We worked side by side, me pouring water and steeping tea, him pouring water and staring at that machine as if his irritation alone would make the thing brew faster. I held my tongue until he’d taken the first sip, until he moaned much like the way he had last night when I’d taken him in my mouth. A favorite memory for sure.

“Feel better now?”

He hummed and sighed. “Someone kept me up too late last night.”

“Oh, really?” I took a step back when he focused those gray eyes on me. “You’re going to blame all that on me? As if you didn’t want to be woken up with my mouth on you.”

He once again shifted into predator mode as he took a single step in my direction. “Oh, I wanted it, all right.” He set his cup down and slipped in front of me. Crowding me against the counter. Pressing his hips into my stomach and proving how much he wanted me. “Still want it. Your tea ready?”

The change in conversation threw me, and I had to think about his words before I could answer. “Yeah. Should be.”

“Good.” He reached for the sugar bowl, the one Miss had always used. The one still filled with cubes instead of granulated sugar. “One or two?”

“Just one.”

He dropped a cube in my mug and handed it to me. “Let’s sit for a few. I need to finish this coffee to get my brain moving.”

Something about his face in that moment, his sweetness at remembering the sugar, it called to me. Weakened my resolve. Weakened my filter.

“I missed you so much.” My whispered declaration caught me by surprise, filling me with a sense of dread. We’d already fought over this—we didn’t need to revisit it. Luckily enough, he didn’t seem to want to either. Instead, he held me tight. Breathing me in as I clutched him to me. As I leaned into his chest, needing to chase the feeling of comfort I received whenever he held me close. Needing to take a moment and appreciate that we were there, together. Again.

Bishop rubbed my back, curling his body around mine as he whispered, “Missed you too. Every day. I didn’t pine for you, but…”

“It never stopped hurting.”

“No, it didn’t.” He sighed again, pulling me tighter for a few seconds before letting go. “C’mon, Firefly. Let’s sit and enjoy the morning. There’s nothing we can do about the past right now.”

No, there wasn’t. So I followed him to the table, and I simply smiled and took a seat when he yanked two chairs close together so we didn’t have to be separated. I drank my tea as he sipped his coffee, both of us unwilling to stop touching, to be apart, to put space between us. And all the while, I fought to keep my hands from shaking. He’d notice that, and he’d ask about it. He’d want to know what had me ready to cry right there at the table.

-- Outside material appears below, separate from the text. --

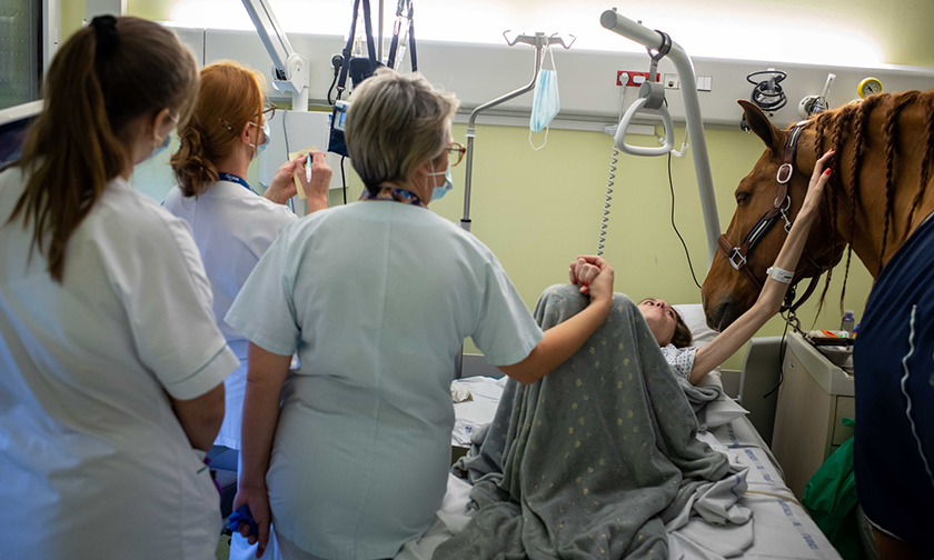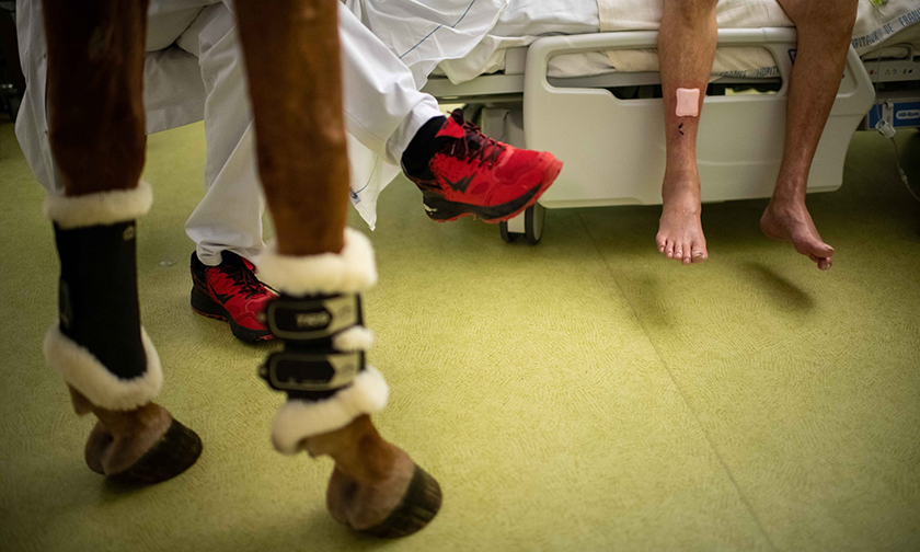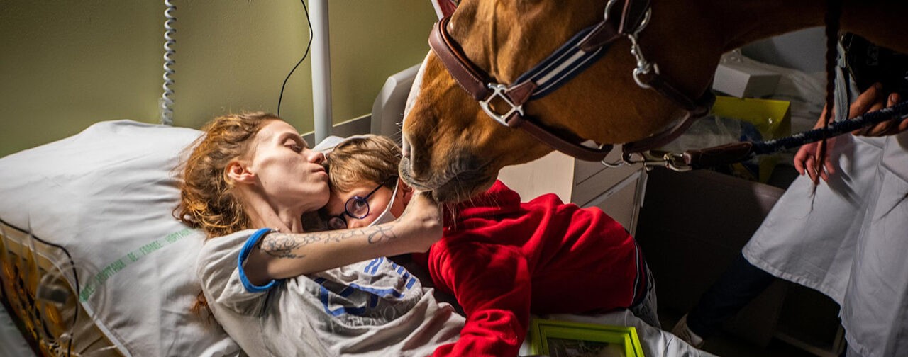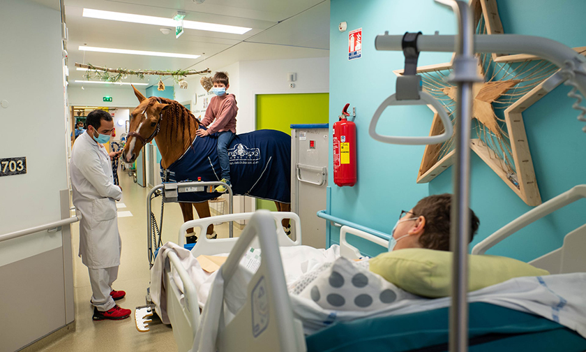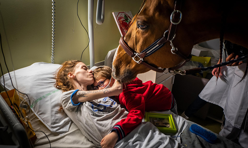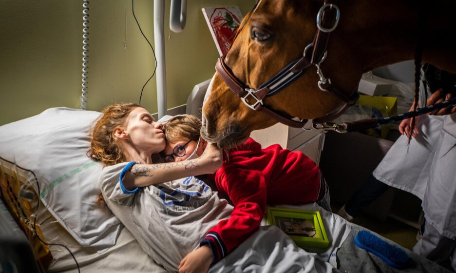 Девятилетний Исаак с гордостью показывает своего нового друга Пэйо матери, которая только что вышла из операционной. «Исаак связал больницу с Пэйо. Он счастлив приехать в больницу, чтобы увидеть свою мать, — и это благодаря этой лошади», — говорит его отец Томас.

And I still couldn’t tell him. Could never tell him.

He’d missed me, and I’d missed him—every day, he’d said. Every day for the fourteen years we’d been apart. That deep ache had never left me for even a day, and I’d hated it. Hated that I’d fucked up so badly. Hated that there would be no coming back from those mistakes. Hated all the years apart and the pain and the lost time together.

Hated that Bishop would never talk to me again once he knew the truth.

And as much as it pained me to think about, as much as it was the last thing I wanted to think about, part of me hated Finn Kennard for his part in destroying us.